На втором этаже, в маленькой каморке, забитой хламом, живет школьный психолог. Маленькая, круглая, как колобок. И постоянно улыбается. Она вроде Дельфийского Оракула: умеет предсказывать будущее и определять, кем ты был в прошлой жизни. Я, например, прожигал средние века в роли монаха-винодела, любил теологию и девушек. Никита оказался инквизитором. Когда шли домой, он признался тет-а-тет, что это правда.

С ума сойти!
      
(Красавица и Изгой)

 Он был изгоем. Друзей ему заменяла ненависть.

 Она была самой красивой девчонкой в школе, и каждый мечтал о ней.

 В толпе легко затеряться. Особенно зимой, возле гардероба. В тот день там столпилось пять классов – огромное, бесформенное месиво.

 Она оказалась рядом с ним неожиданно. Легонько прикоснулась к руке – ответа не последовало.

 Тогда она положила голову на его плечо и прижалась к нему, как прижимаются к самому близкому человеку. Изгой не сопротивлялся.

 Люди рвались туда, проталкивались обратно, а эти двое всё стояли и молчали. И каждый думал о своём.

 В толпе легко затеряться.

 (Страна Волшебников)

  Буква «Б». Ботинок, бабушка, бусы. Полина была буквой «Б». Дожидаясь, когда начнется выступление для первоклашек, она разговаривала со своей подругой – буквой «П». Время от времени их отвлекал «Твердый Знак». Да и буква «А» тыкал локтем под бок.

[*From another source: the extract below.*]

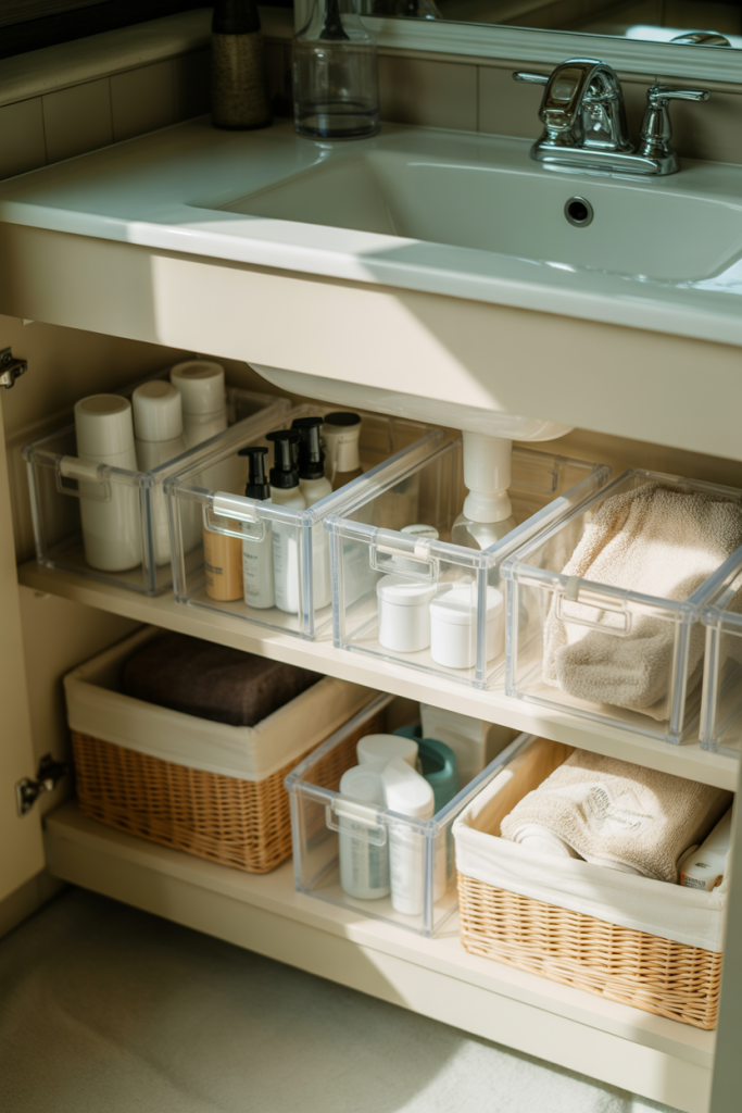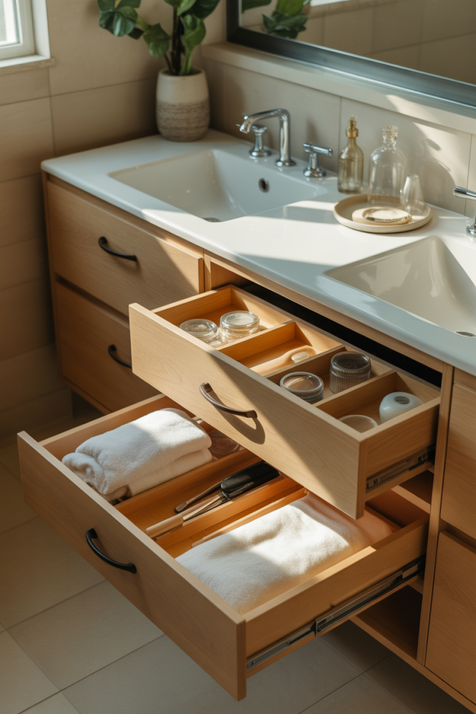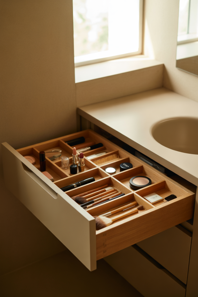 Bathroom drawers often become catch-alls unless they’re given structure. Using simple dividers turns drawers into reliable storage for ideas and drawer layouts that actually last. This works especially well for organizing makeup and tools that otherwise shift around. The result feels intentional rather than improvised, which is key for small bathrooms trying to stay visually calm.

 – Девочка я знаю, что ты хочешь в Страну Волшебников,  – подошел к Полине незнакомый дядя с густой бородой и глубоко посажеными красными глазами.

 Учителя были заняты первоклассниками и не обращали на происходящее внимания. Полина решилась заговорить.

 – А что в этой стране такого интересного? И где она находится?

 – Проход туда располагается за школой, на заднем дворе,  – объяснил дядя. – Это что-то вроде телепортатора. А интересного… ну… тебе никогда не хотелось стать  волшебницей?

 – Конечно хотелось! – воскликнула Полина.

 – Тогда жди меня возле выхода,  – с загадочной улыбкой сказал незнакомец.

 Несмотря на уговоры буквы «П» и усиленные тычки буквы «А» девочка все-таки пошла. Сначала к основному выходу, потом к запасному. Однако ни там ни там никого не встретила.

 Сейчас Полина учится в девятом классе. Мечтает поступить в театральный. А еще вечерами ходит на задний двор. Вдруг Страна Волшебников действительно существует?

 (Подвал)

 Подвал – самое мистическое место в школе. Даже завхоз не могла сказать точно, сколько там спусков, потаенных проходов, запутанных ответвлений, дверей, ведущих непонятно куда. Ходили слухи, что если хорошо поискать, можно найти исписанную сатанинскими знаками комнату, где творится всякая чертовщина.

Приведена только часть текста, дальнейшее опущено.